SooperKanoon Citation

Court

Customs Excise and Service Tax Appellate Tribunal CESTAT Delhi

Decided On

Reported in

(1998)(97)ELT544TriDel

Appellant

Anupshikha Industries

Respondent

Collector of Central Excise

Excerpt:


.....were manufacturing automobile head lamps and accessories, claiming the benefit of notification no. 77/83-c.e., dated 1-3-1983. they were also manufacturing similar goods for m/s. autolite (india) ltd. bearing the brand name 'autopal'. this was in terms of an agreement between the two parties whereby m/s. autolite were to reimburse the costs and m/s. anupshikha were to pay some royalty to m/s. autolite. the show cause notice dated 30-8-1984 was issued claiming that during the period november, 1983 to july, 1984, the benefit of this notification was wrongly claimed insofar as clearances of the goods under the brand name 'autopal' were concerned. the additional collector, after hearing the assessees, passed the impugned order confirming the demand of rs. 1,34,044.28 resulting in the present appeal coming up before us.2. we have heard shri k.k. anand, ld. advocate for the appellants and shri satnam singh, ld. sdr for the revenue.3. we have considered the rival submissions and have also seen the subject notification. the notification exempts first clearances from one or more factories of goods by or on behalf of a manufacture not exceeding rs. 30 lakh in a financial year. the.....

Judgment:


1. The appellants were manufacturing Automobile Head Lamps and Accessories, claiming the benefit of Notification No. 77/83-C.E., dated 1-3-1983. They were also manufacturing similar goods for M/s. Autolite (India) Ltd. bearing the brand name 'Autopal'. This was in terms of an agreement between the two parties whereby M/s. Autolite were to reimburse the costs and M/s. Anupshikha were to pay some royalty to M/s. Autolite. The show cause notice dated 30-8-1984 was issued claiming that during the period November, 1983 to July, 1984, the benefit of this notification was wrongly claimed insofar as clearances of the goods under the brand name 'Autopal' were concerned. The Additional Collector, after hearing the assessees, passed the impugned order confirming the demand of Rs. 1,34,044.28 resulting in the present appeal coming up before us.

2. We have heard Shri K.K. Anand, ld. Advocate for the appellants and Shri Satnam Singh, ld. SDR for the Revenue.

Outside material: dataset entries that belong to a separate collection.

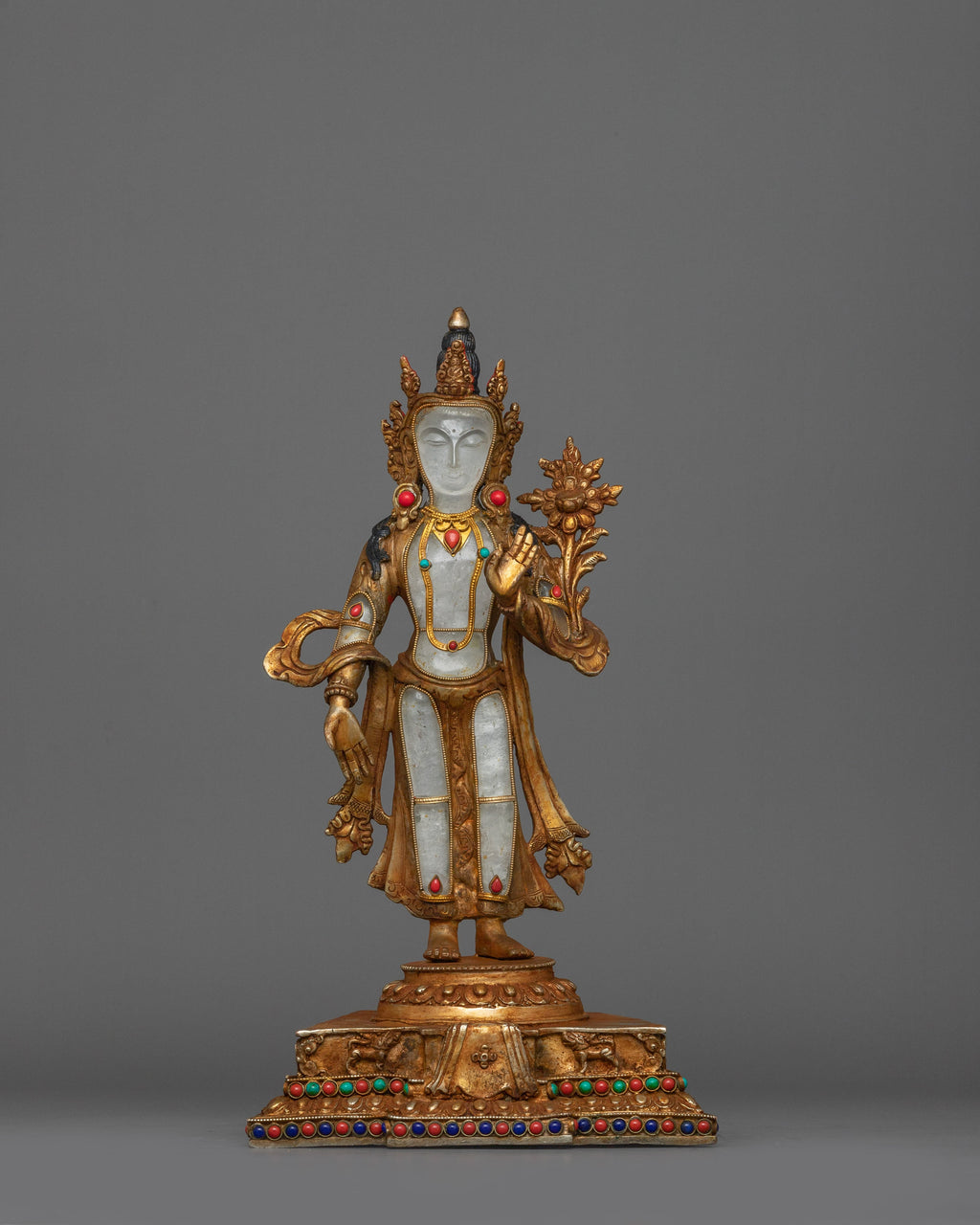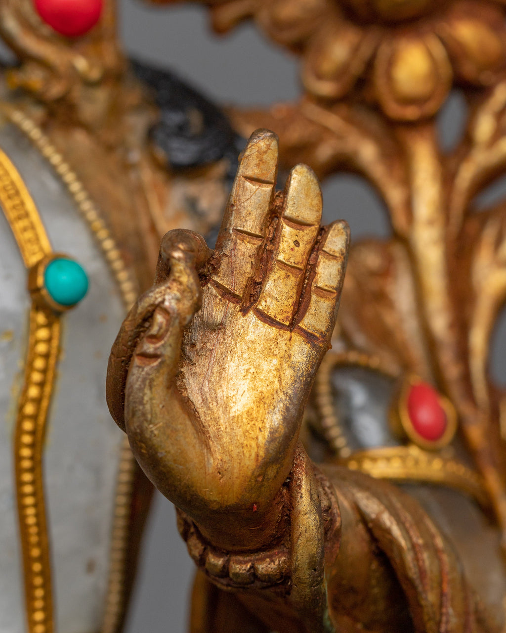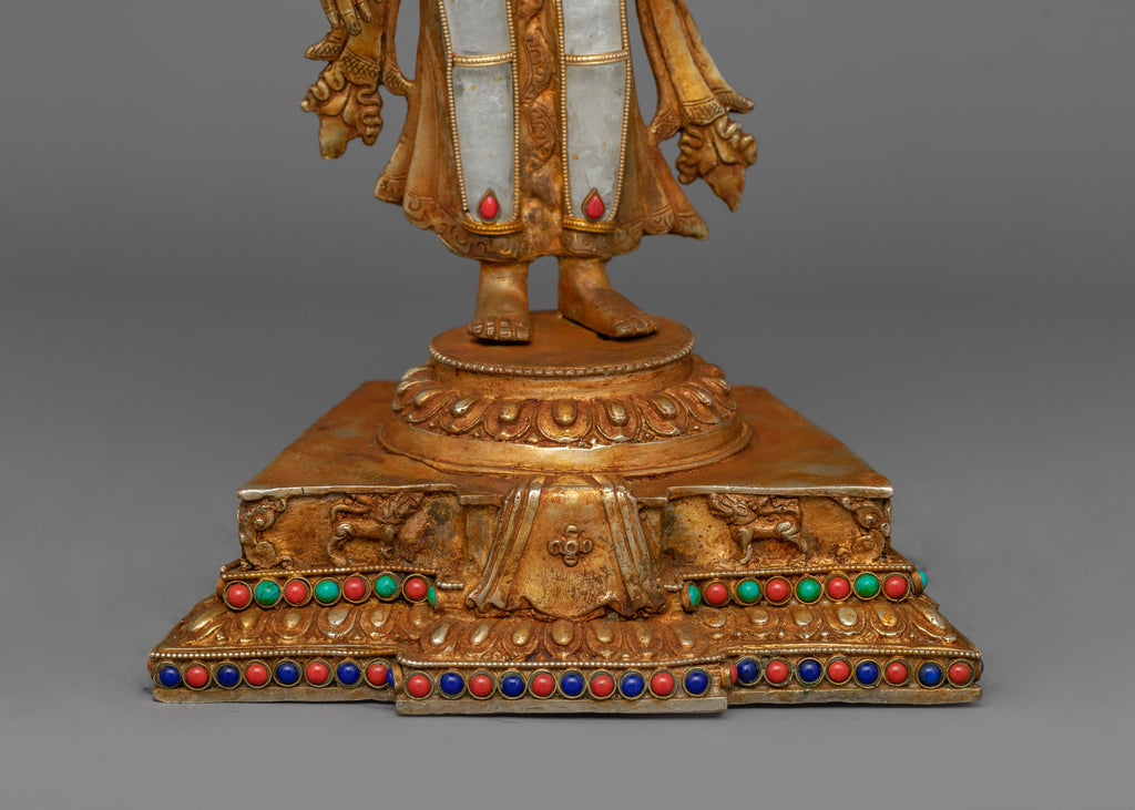 He is shown with a serene expression that reflects his infinite compassion and wisdom. Hisright hand, extended in the varada mudra, signifies generosity and his readiness to grant blessings, and his left hand, holds alotus flower, symbolizing purity, spiritual awakening, and his transcendence above worldly impurities.
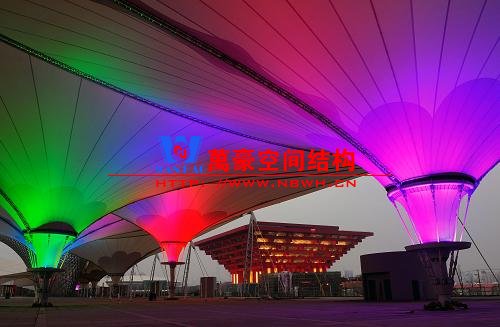 世博軸ptfe索膜結(jié)構(gòu)是迄今為止世界規(guī)模最大的連續(xù)張拉索膜結(jié)構(gòu),膜材選用了一種名為PTFE(聚四氟乙烯)的涂層玻璃纖維,具有不易燃性、防紫外線、抗風化、自潔性、高反射性等特點,完全可以適應上海地區(qū)的臺風氣候。陽光谷ptfe索膜結(jié)構(gòu)只有在十級以上的風力,才會出現(xiàn)明顯的位移,這個位移也在可以控制的范圍之內(nèi)。陽光谷建筑負責人驕傲的告訴記者。上海世博會工程建設指揮部辦公室的市政項目部總經(jīng)理趙克平透露,張拉膜總面積約77224m2,最大跨度約97米,由31個外側(cè)桅桿,19個下拉點以及18個與陽光谷的拉接點通過13種不同功能索張拉而成,膜片數(shù)量69片,其中最大的膜單片面積達1780m2。
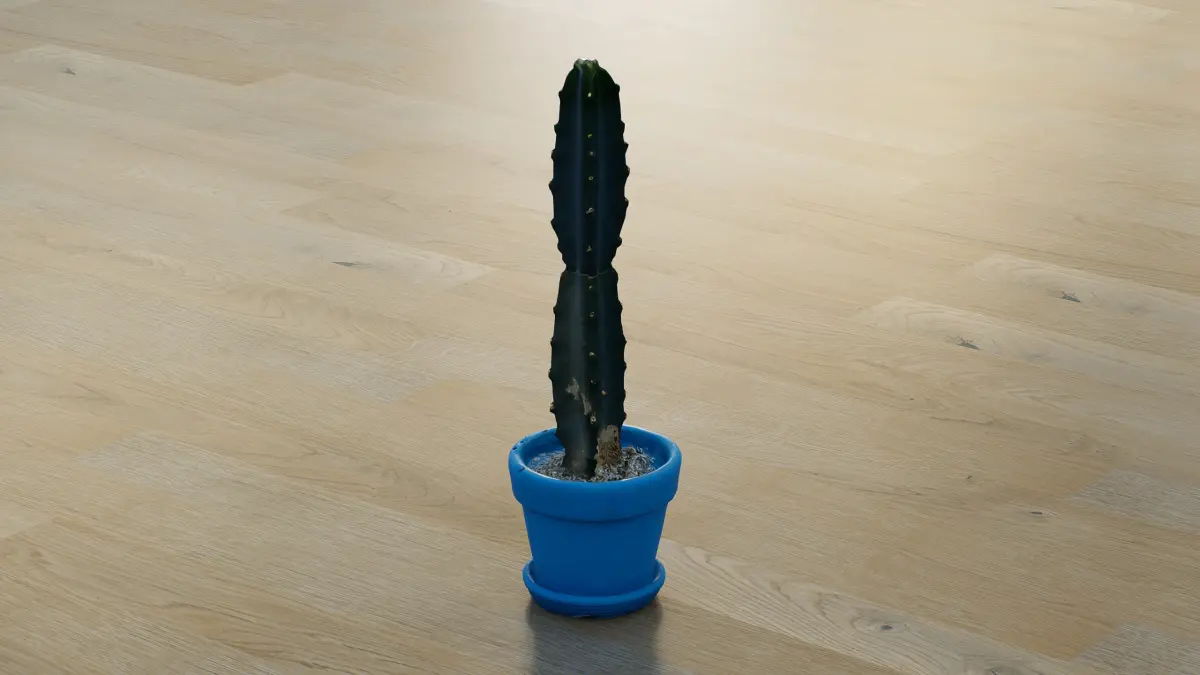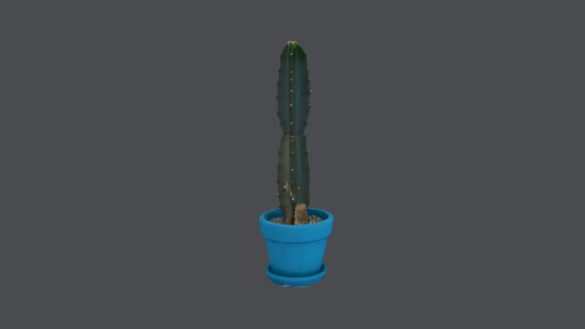 This 3D low-poly model features a minimalist cactus plant in a vibrant blue pot, designed with simplicity and efficiency in mind. The model showcases a tall, ribbed cactus with subtle detailing, perfect for use in virtual environments, games, or decorative renders. Its clean geometry and low polygon count make it an ideal choice for optimizing performance without sacrificing aesthetic appeal. The wooden floor base adds a natural contrast, enhancing the overall visual composition.
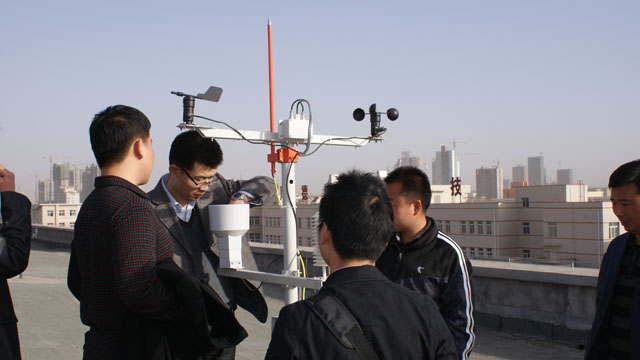 本次培訓旨在提高教師對新進實驗設備的熟悉程度,解答實驗過程存在的問題。設備廠家北京中鼎科技有限公司的技術(shù)人員為各位參加培訓的老師進行了講解和介紹。此次新進的實驗設施包括太陽能光伏發(fā)電應用平臺、太陽能光熱集熱器、氣象監(jiān)控站、太陽輻射能測量平臺、集熱管性能檢測平臺等專業(yè)相關(guān)的實驗設備。廠家的技術(shù)人員演示了太陽能光伏發(fā)電設備在太陽能蓄電池、太陽能離網(wǎng)并網(wǎng)發(fā)電方面的應用,并展示了氣象監(jiān)控站實時監(jiān)控的氣象數(shù)據(jù)。老師們在技術(shù)人員的帶領下來到了氣象監(jiān)控設備及太陽能輻射能測量設備安放的平臺,近距離的觀察了監(jiān)控設備的安裝和運行,并詢問了監(jiān)控設備的使用和維護的注意事項。
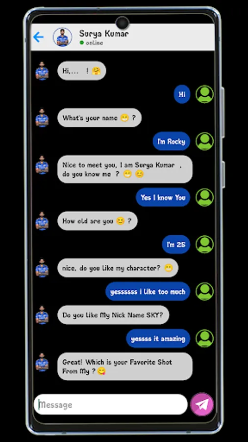 Fake videocall, chat call with Surya Kumar Yadav app to helps to fun and fake chat with SKY
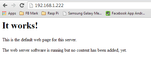 Mặc định, Apache sẽ chạy một file test HTML sau khi cài đặt xong. Bạn chỉ cần mở trình duyệt lên, gõ địa chỉ IP của Raspberry Pi hoặc gõ localhost (nếu bạn test bằng chính máy Raspberry Pi)
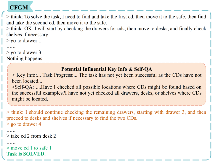 传统的离线轨迹收集多让智能体随机探索同一任务,但CFGM引入了任务焦点(Focus Point)这一创新概念。** 模型会先基于任务描述
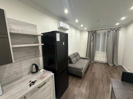 Квартира с евроремонтом, полностью готова к комфортному проживанию. В комнате и на кухне есть вся необходимая мебель, а также техника: холодильник и стиральная машина. Окна выходят во двор, что обеспечивает тишину и уют.
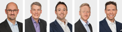 v. l. n. r. Björn Eberhardt (Leiter Investment Office), Brian Mandt (Chefökonom), Josh Bouchard (Investment-Stratege), Reto Lötscher (Leiter Finanzanalyse), Thomas Eyer (Fondsanalyst)
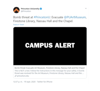 “Esto NO es una prueba. Siga las instrucciones de este mensaje para su seguridad. Se recibió una amenaza de bomba para el Museo de Arte, la Biblioteca Firestone, el Salón Nassau y la Capilla”, escribió en su cuenta oficial de las redes sociales la universidad norteamericana de Princeton a las 10:27, hora local.
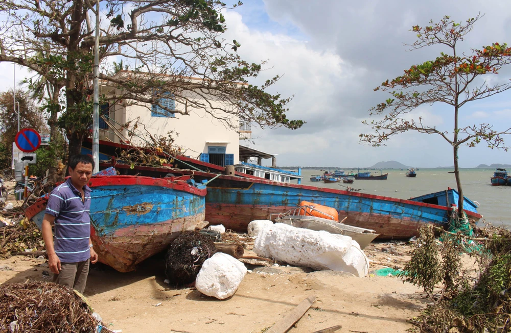 Đến nay, huyện Vạn Ninh vẫn chưa thể thống kê số lượng tàu thuyền bị bão đánh chìm do quá nhiều. Lồng bè nuôi thủy sản bị thiệt hại gần như hoàn toàn, ao đìa nuôi tôm, ốc hương cũng bị tan hoang. Chỉ riêng về thủy sản, huyện Vạn Ninh bị thiệt hại gần 3890 tỉ đồng. Tuy nhiên, người dân đang nỗ lực khôi phục các hoạt động khai thác thủy sản. Trong ảnh là cảnh nhộn nhịp trở lại tại cảng cá Đầm Môn, xã Vạn Thạnh. Ảnh: TẤN LỘC
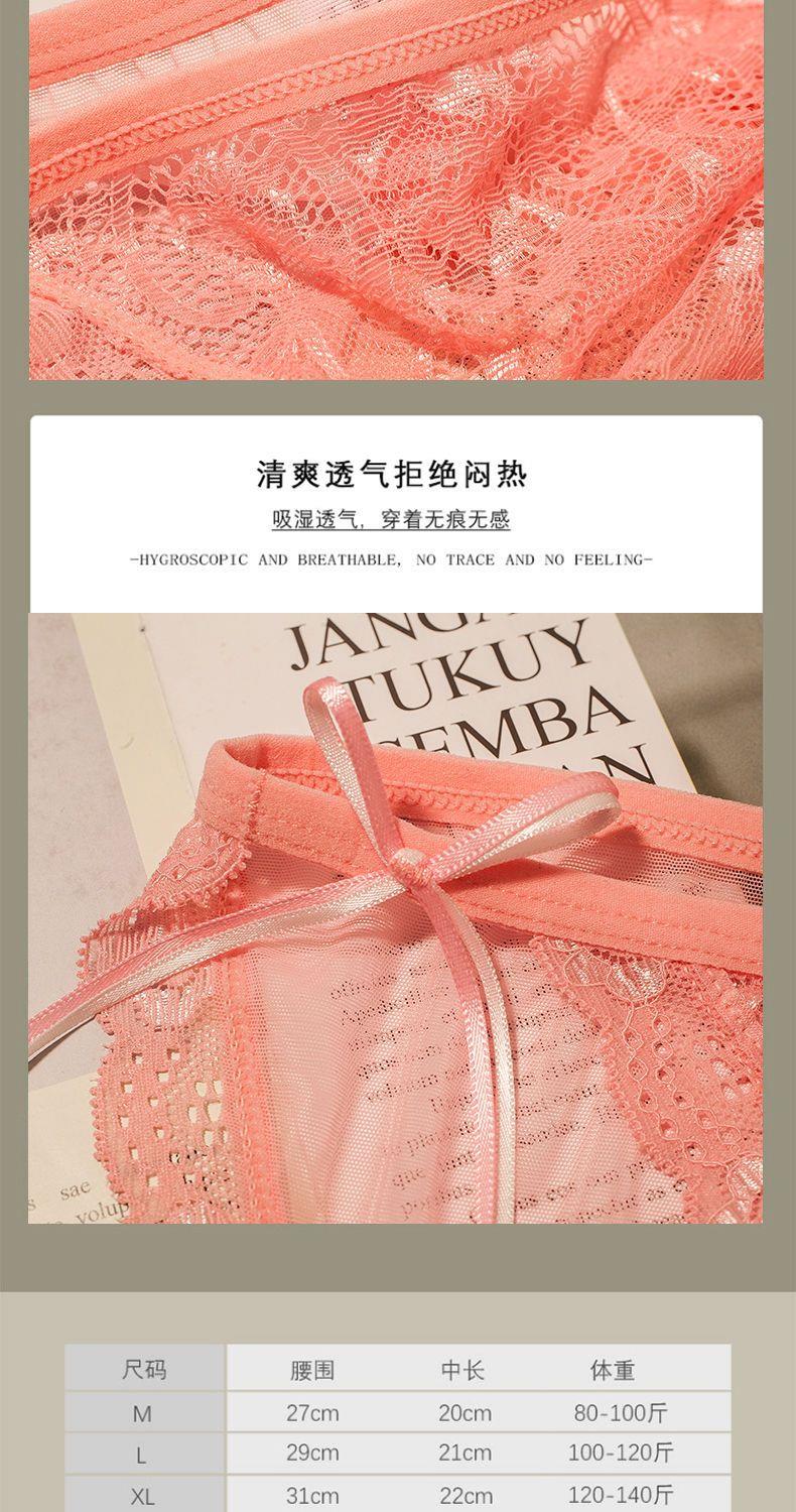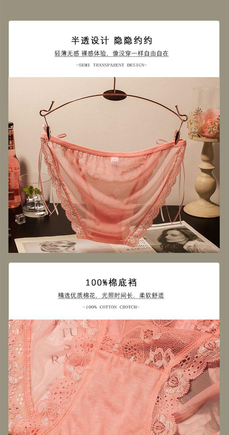 Girl's Beautiful Lace Transparent Thin Panties, Feminine Bow, Pure Desire, Low-Waist, Hip-Lifting Briefs for Women
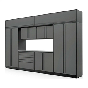 Proslat Garage Cabinets 9-Piece Glossy Grey Cabinet Set with Black Handles and Stainless Steel Worktop
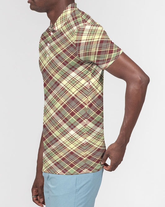 Distinguish Beige and burgundy tartan Men's All-Over Print Slim Fit Short Sleeve Polo
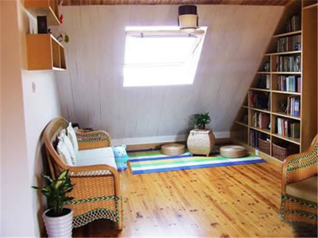 推薦理由:利用閣樓空間,擺放一張沙發與小桌,閣樓是一個相對獨立開的空間,這里寧靜舒適,如果只作為堆積雜物的地方就浪費了。
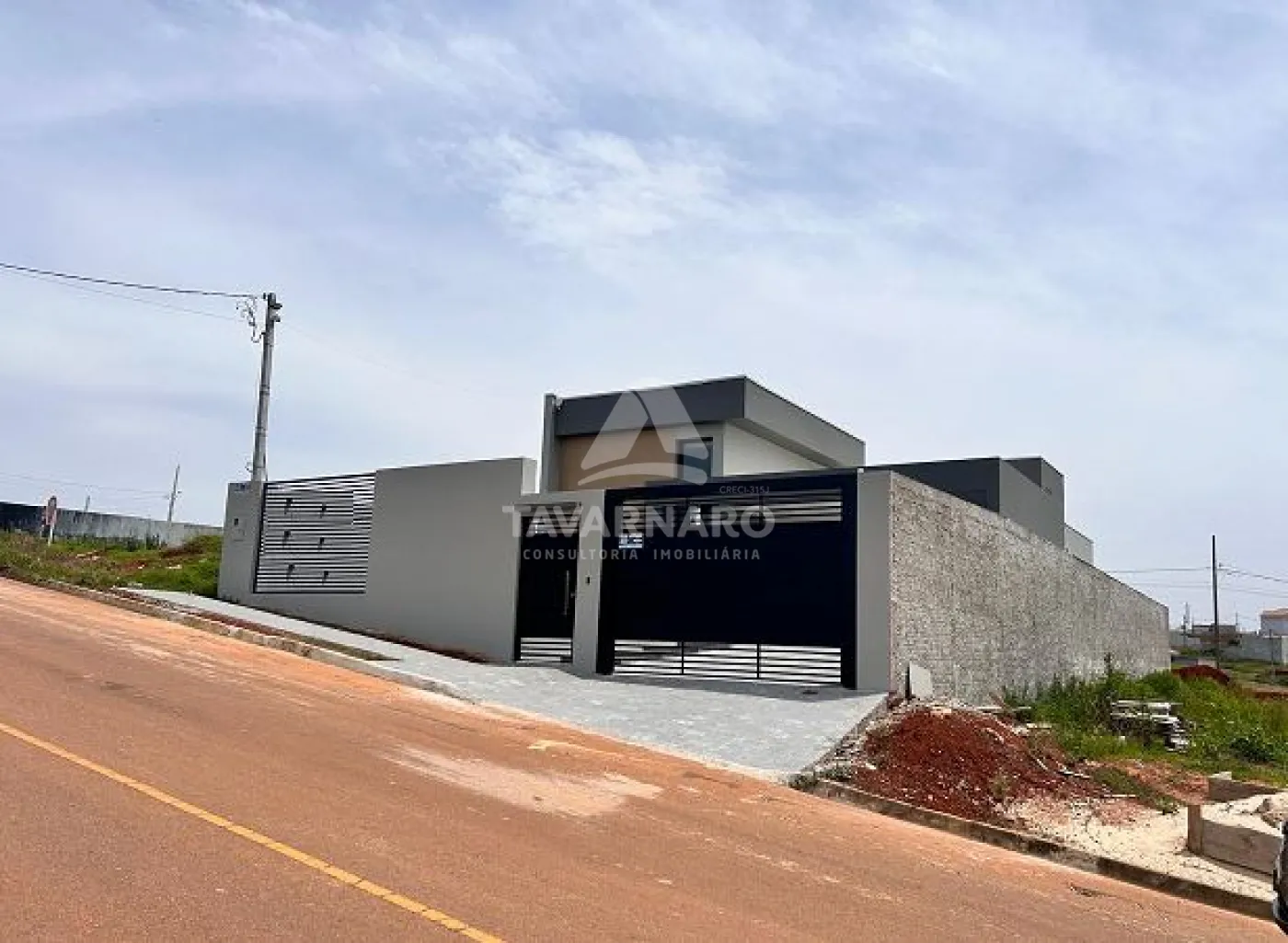 Com 3 quartos, sendo 1 suíte, a casa se destaca pela fachada minimalista, portão e gradil imponentes, transmitindo elegância e segurança.
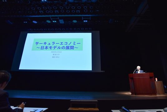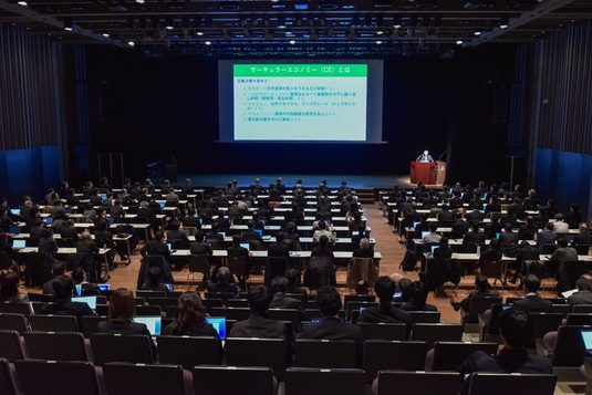 株式会社日立製作所と国立研究開発法人産業技術総合研究所(産総研)はサーキュラーエコノミー(CE)の実現に向けた連携研究プロジェクトである「日立-産総研サーキュラーエコノミー連携研究ラボ」を設立しました。その第1回オープンフォーラム「CE社会の実現に向けた道のりとその方法論について」が2024年2月5日に日本橋三井ホールにて開催され、石村和彦・産総研理事長、小島啓二・日立製作所社長兼CEOの挨拶に続いて、経済学科の細田衛士教授が「サーキュラーエコノミー: 日本モデルの展開」と題して特別講演を行いました。

3. We have considered the rival submissions and have also seen the subject notification. The notification exempts first clearances from one or more factories of goods by or on behalf of a manufacture not exceeding Rs. 30 lakh in a financial year. The notification does not qualify in any manner clearances of those goods, which bear the brand name of another manufacturer or trader. Therefore, for the benefit of this notification to be claimed, it was not material whether the goods, so cleared, bore the brand name of the actual manufacturer or of another manufacturer or trader. In the show cause notice, the facts have been narrated and the allegation of non-levy has been made. The show cause notice does not explain how the charges sustain. In his order, the Additional Collector has spoken of the relationship between these two manufacturers. He calls the relationship as "special relationship" in which M/s. Autolite (India) Ltd. were exercising full powers and control. The show cause notice, however, does not allege that for calculating the value of the first clearances, the clearances of both the assessees should be chibbed together. It is nobody's claim that the present appellants were not the manufacturers of the goods. It is also not denied that the goods bore the brand name of some other manufacturer. But in the absence of any prohibition in the notification, value of such clearances cannot be excluded from the ambit of the notification. It is true that the present appellants were manufacturing goods on behalf of somebody else, but the manufacture was still by them. The show cause notice was not issued to the brand name owners and, therefore, the fact that the goods were manufactured on their behalf, is not material for interpreting the benefit of this notification.

4. In view of our finding that the benefit of the notification could not be denied to the present appellants, we allow this appeal, set aside the impugned order and direct consequential relief to the extent warranted.